> _Task to complete_: There is one span to output from the data below: the lines starting at the line with "O Instituto Federal" and ending at the line with "Meet Snowball– an". Output it exactly, ends included, nothing more.

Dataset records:
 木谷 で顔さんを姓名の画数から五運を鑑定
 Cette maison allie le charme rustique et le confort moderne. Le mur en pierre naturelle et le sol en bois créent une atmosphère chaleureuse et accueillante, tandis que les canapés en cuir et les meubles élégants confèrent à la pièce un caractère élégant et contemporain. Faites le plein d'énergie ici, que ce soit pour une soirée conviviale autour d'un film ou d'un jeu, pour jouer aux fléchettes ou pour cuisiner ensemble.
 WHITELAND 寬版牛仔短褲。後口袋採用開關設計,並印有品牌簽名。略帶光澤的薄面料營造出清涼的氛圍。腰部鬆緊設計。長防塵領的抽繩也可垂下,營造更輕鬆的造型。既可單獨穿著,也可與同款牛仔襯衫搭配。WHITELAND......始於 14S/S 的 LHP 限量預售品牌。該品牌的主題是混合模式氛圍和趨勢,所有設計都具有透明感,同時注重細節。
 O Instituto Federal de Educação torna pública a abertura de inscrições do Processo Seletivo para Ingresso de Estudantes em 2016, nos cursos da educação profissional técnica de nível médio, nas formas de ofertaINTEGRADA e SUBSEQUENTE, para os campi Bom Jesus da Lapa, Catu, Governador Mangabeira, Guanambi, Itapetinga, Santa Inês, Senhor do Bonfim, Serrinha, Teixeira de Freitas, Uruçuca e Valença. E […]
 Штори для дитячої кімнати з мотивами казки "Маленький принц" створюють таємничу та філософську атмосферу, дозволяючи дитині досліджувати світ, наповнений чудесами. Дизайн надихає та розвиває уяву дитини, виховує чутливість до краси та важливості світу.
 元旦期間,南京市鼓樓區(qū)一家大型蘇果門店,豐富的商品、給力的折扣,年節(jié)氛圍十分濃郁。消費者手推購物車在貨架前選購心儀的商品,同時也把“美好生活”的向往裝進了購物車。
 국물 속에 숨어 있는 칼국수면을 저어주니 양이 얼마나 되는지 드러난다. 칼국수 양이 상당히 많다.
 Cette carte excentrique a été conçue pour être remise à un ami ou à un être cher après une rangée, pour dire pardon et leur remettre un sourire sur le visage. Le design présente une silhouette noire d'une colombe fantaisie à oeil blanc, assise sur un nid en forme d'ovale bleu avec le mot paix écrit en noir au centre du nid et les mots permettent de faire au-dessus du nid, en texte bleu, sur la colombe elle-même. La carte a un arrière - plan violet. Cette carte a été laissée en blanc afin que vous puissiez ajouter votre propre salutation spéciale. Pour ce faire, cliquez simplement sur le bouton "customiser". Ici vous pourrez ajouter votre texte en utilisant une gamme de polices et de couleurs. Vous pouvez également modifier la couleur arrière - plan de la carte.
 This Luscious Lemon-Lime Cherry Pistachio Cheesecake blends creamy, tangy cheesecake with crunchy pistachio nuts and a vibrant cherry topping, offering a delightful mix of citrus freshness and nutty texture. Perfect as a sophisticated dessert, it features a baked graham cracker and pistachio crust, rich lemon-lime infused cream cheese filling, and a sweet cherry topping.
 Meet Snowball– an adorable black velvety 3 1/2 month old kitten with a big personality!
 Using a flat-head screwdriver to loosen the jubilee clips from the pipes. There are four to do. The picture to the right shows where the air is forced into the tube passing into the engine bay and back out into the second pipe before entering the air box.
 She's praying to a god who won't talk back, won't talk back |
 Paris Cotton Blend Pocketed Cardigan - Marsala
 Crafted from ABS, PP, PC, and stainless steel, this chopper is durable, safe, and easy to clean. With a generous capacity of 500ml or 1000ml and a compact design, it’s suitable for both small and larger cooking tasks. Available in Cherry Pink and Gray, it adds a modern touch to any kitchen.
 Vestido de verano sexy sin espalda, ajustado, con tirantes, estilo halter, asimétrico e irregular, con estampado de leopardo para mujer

> _Solution for this exercise_:
 O Instituto Federal de Educação torna pública a abertura de inscrições do Processo Seletivo para Ingresso de Estudantes em 2016, nos cursos da educação profissional técnica de nível médio, nas formas de ofertaINTEGRADA e SUBSEQUENTE, para os campi Bom Jesus da Lapa, Catu, Governador Mangabeira, Guanambi, Itapetinga, Santa Inês, Senhor do Bonfim, Serrinha, Teixeira de Freitas, Uruçuca e Valença. E […]
 Штори для дитячої кімнати з мотивами казки "Маленький принц" створюють таємничу та філософську атмосферу, дозволяючи дитині досліджувати світ, наповнений чудесами. Дизайн надихає та розвиває уяву дитини, виховує чутливість до краси та важливості світу.
 元旦期間,南京市鼓樓區(qū)一家大型蘇果門店,豐富的商品、給力的折扣,年節(jié)氛圍十分濃郁。消費者手推購物車在貨架前選購心儀的商品,同時也把“美好生活”的向往裝進了購物車。
 국물 속에 숨어 있는 칼국수면을 저어주니 양이 얼마나 되는지 드러난다. 칼국수 양이 상당히 많다.
 Cette carte excentrique a été conçue pour être remise à un ami ou à un être cher après une rangée, pour dire pardon et leur remettre un sourire sur le visage. Le design présente une silhouette noire d'une colombe fantaisie à oeil blanc, assise sur un nid en forme d'ovale bleu avec le mot paix écrit en noir au centre du nid et les mots permettent de faire au-dessus du nid, en texte bleu, sur la colombe elle-même. La carte a un arrière - plan violet. Cette carte a été laissée en blanc afin que vous puissiez ajouter votre propre salutation spéciale. Pour ce faire, cliquez simplement sur le bouton "customiser". Ici vous pourrez ajouter votre texte en utilisant une gamme de polices et de couleurs. Vous pouvez également modifier la couleur arrière - plan de la carte.
 This Luscious Lemon-Lime Cherry Pistachio Cheesecake blends creamy, tangy cheesecake with crunchy pistachio nuts and a vibrant cherry topping, offering a delightful mix of citrus freshness and nutty texture. Perfect as a sophisticated dessert, it features a baked graham cracker and pistachio crust, rich lemon-lime infused cream cheese filling, and a sweet cherry topping.
 Meet Snowball– an adorable black velvety 3 1/2 month old kitten with a big personality!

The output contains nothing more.